-- EXTRACTED DATA --
- Opening Delimiter -

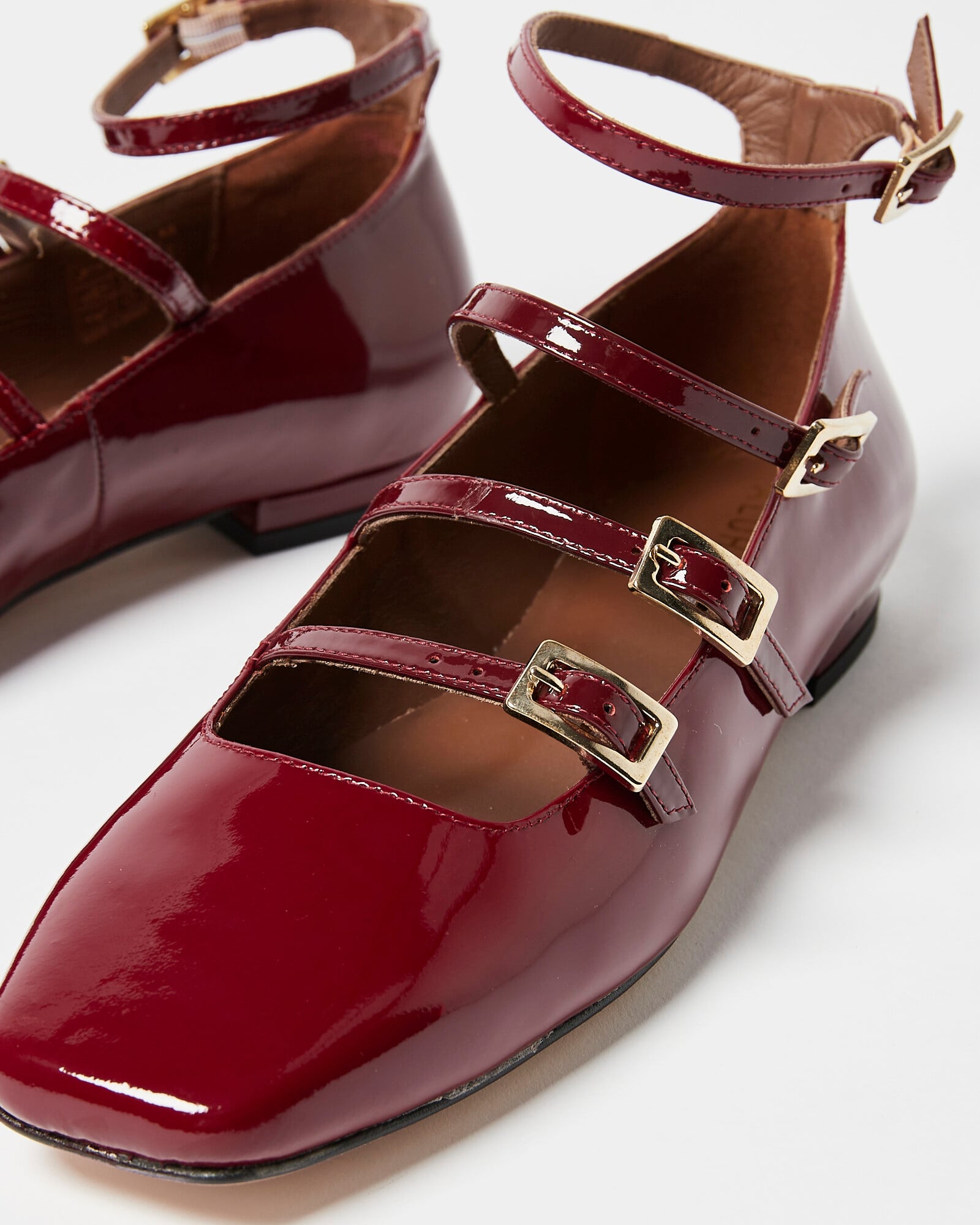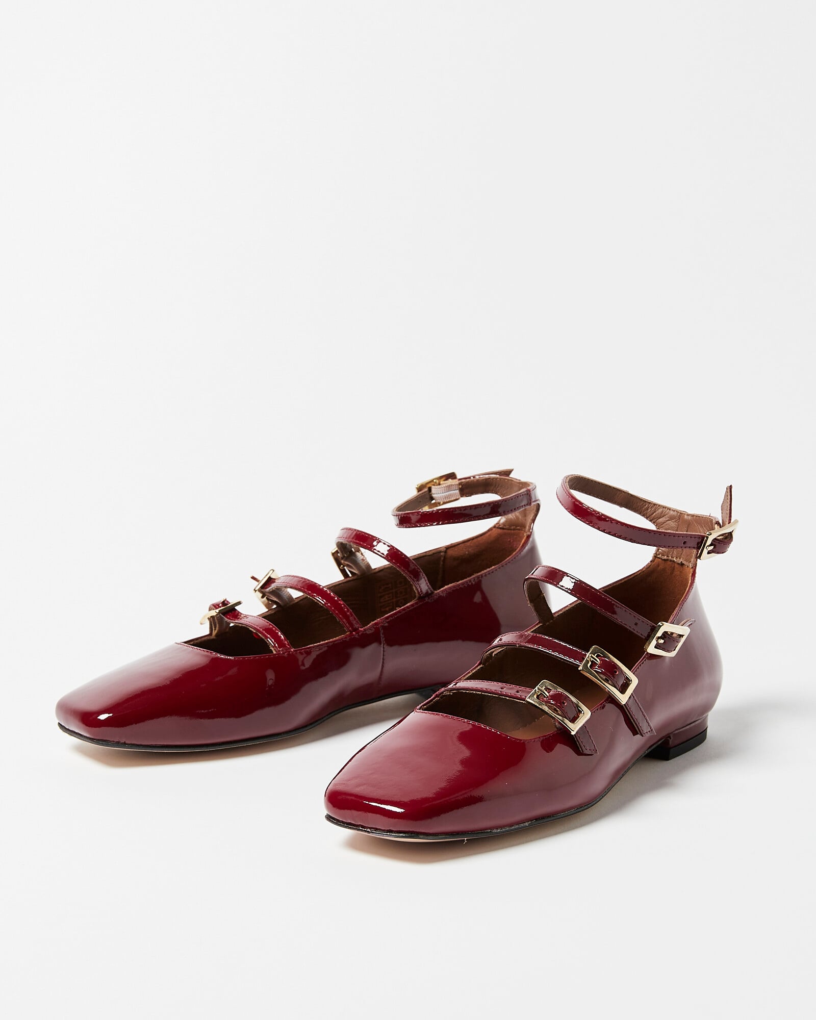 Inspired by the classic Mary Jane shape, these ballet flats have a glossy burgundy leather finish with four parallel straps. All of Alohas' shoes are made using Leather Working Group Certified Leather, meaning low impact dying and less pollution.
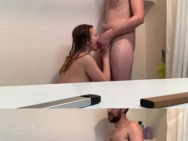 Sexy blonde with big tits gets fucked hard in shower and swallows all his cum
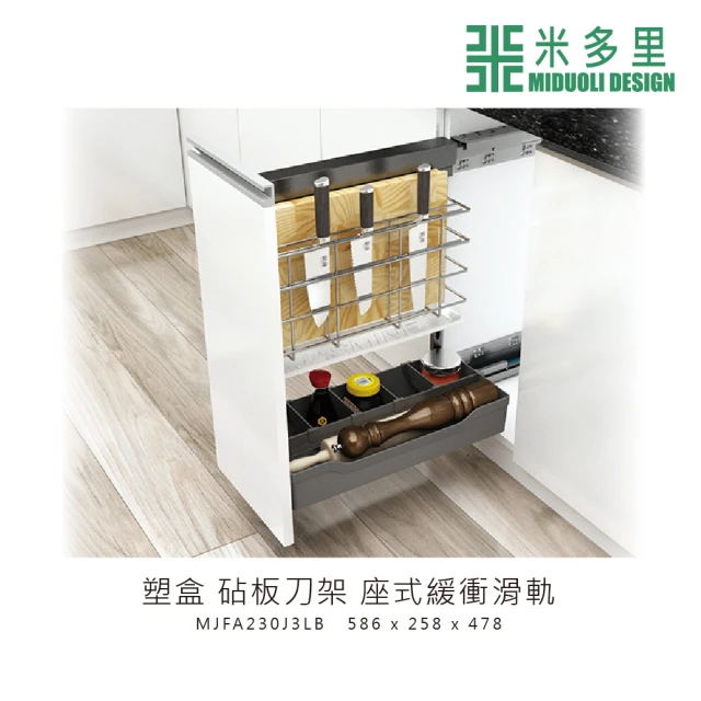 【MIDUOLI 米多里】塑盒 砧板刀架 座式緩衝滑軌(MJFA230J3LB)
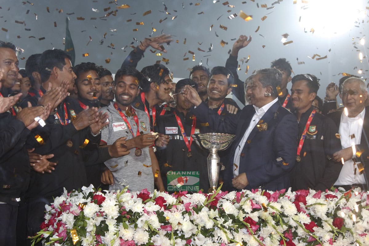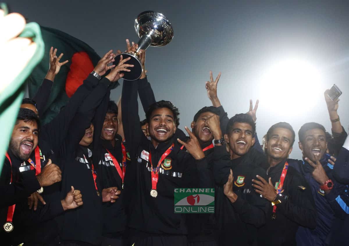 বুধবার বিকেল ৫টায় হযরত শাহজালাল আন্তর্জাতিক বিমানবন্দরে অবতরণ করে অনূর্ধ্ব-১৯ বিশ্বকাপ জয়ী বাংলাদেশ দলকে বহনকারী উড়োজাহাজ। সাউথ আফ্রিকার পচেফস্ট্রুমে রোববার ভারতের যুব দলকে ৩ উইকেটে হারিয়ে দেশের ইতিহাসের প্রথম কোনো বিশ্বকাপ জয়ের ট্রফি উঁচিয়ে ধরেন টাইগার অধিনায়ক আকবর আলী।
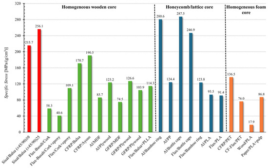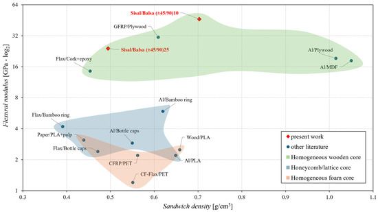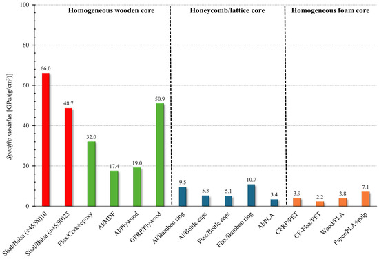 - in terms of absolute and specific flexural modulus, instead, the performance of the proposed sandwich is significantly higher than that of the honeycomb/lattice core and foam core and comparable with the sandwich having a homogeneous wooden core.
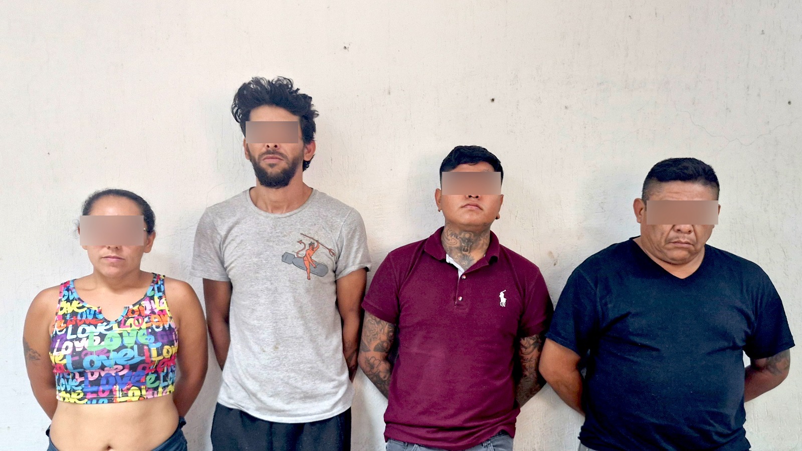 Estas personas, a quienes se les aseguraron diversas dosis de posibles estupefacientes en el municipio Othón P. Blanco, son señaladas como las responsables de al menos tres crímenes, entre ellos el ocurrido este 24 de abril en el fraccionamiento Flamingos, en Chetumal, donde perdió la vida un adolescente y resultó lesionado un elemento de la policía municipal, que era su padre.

- Closing Delimiter -
- Opening Delimiter -

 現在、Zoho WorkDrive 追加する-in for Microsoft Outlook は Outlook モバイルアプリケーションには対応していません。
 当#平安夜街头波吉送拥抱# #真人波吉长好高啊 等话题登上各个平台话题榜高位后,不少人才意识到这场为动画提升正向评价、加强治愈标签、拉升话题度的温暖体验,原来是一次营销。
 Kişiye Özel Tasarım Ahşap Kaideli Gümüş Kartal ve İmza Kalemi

- Closing Delimiter -
- Opening Delimiter -

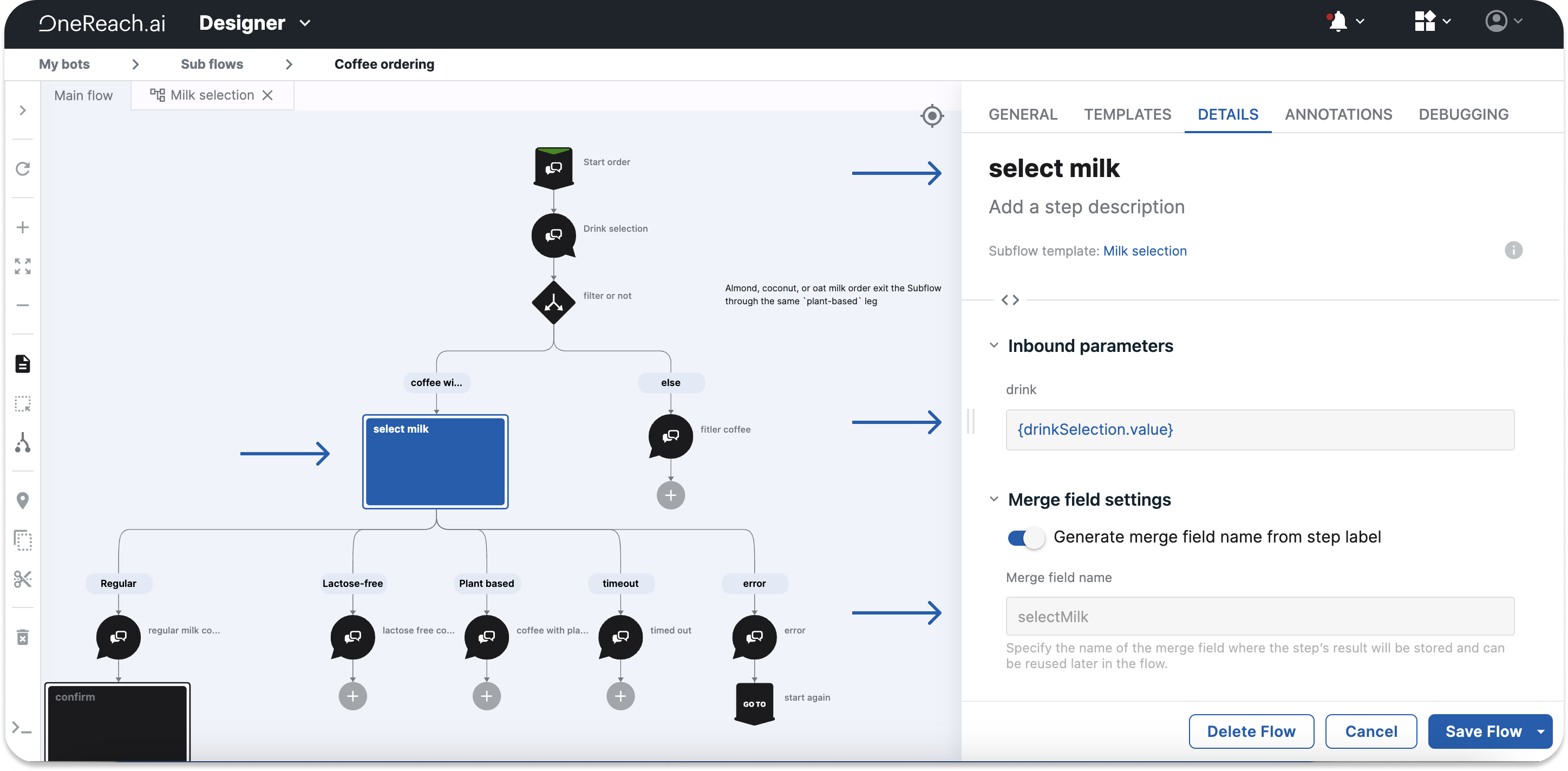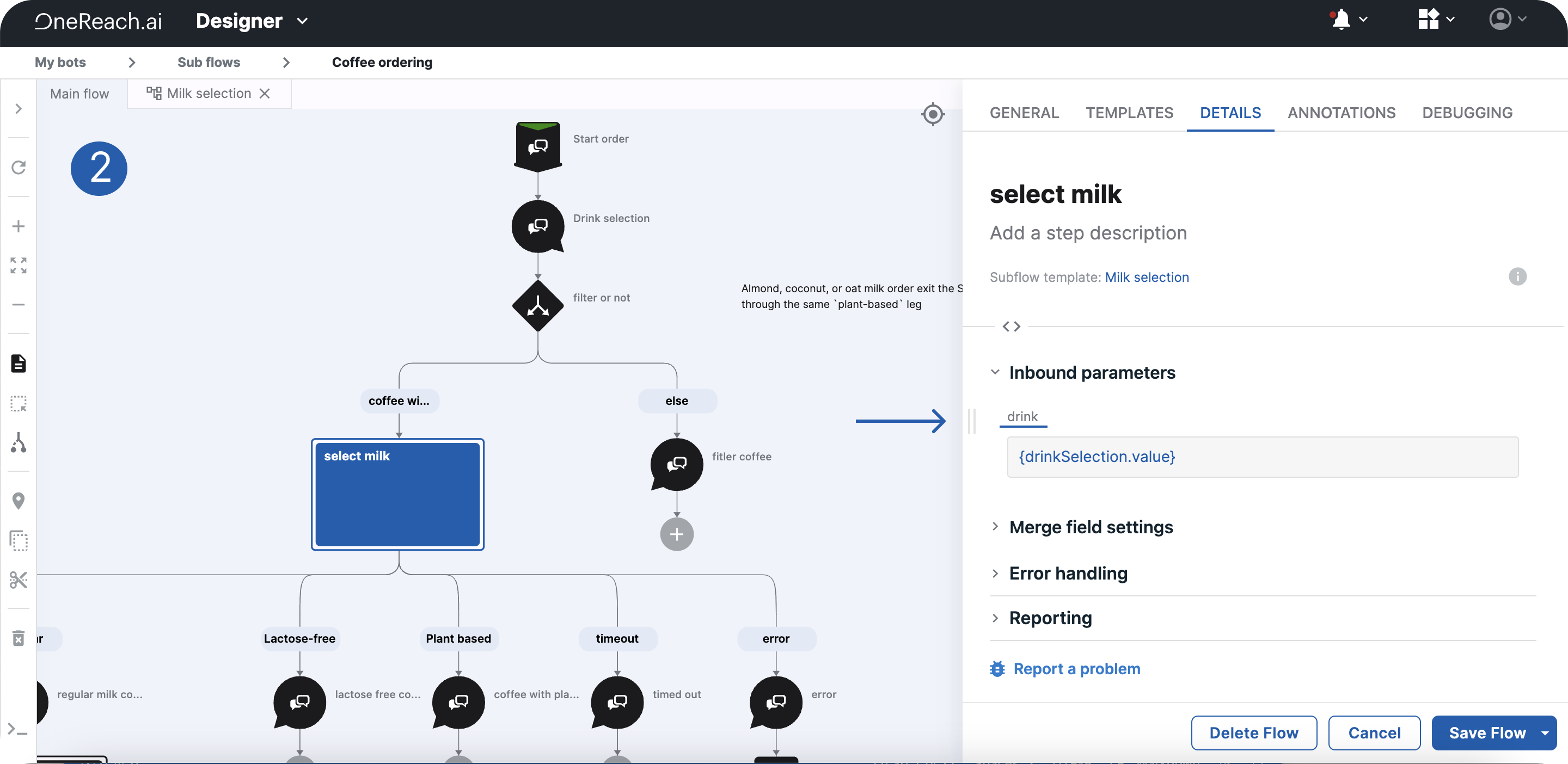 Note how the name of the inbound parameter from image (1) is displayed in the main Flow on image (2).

- Closing Delimiter -

-- TASK DIRECTIONS --
Set down again, word for word, the stretch of records from the line with "現在、Zoho WorkDrive 追加する-in" to the line with "Kişiye Özel Tasarım", both of those lines included.

-- RESPONSE TO THE TASK --
 現在、Zoho WorkDrive 追加する-in for Microsoft Outlook は Outlook モバイルアプリケーションには対応していません。
 当#平安夜街头波吉送拥抱# #真人波吉长好高啊 等话题登上各个平台话题榜高位后,不少人才意识到这场为动画提升正向评价、加强治愈标签、拉升话题度的温暖体验,原来是一次营销。
 Kişiye Özel Tasarım Ahşap Kaideli Gümüş Kartal ve İmza Kalemi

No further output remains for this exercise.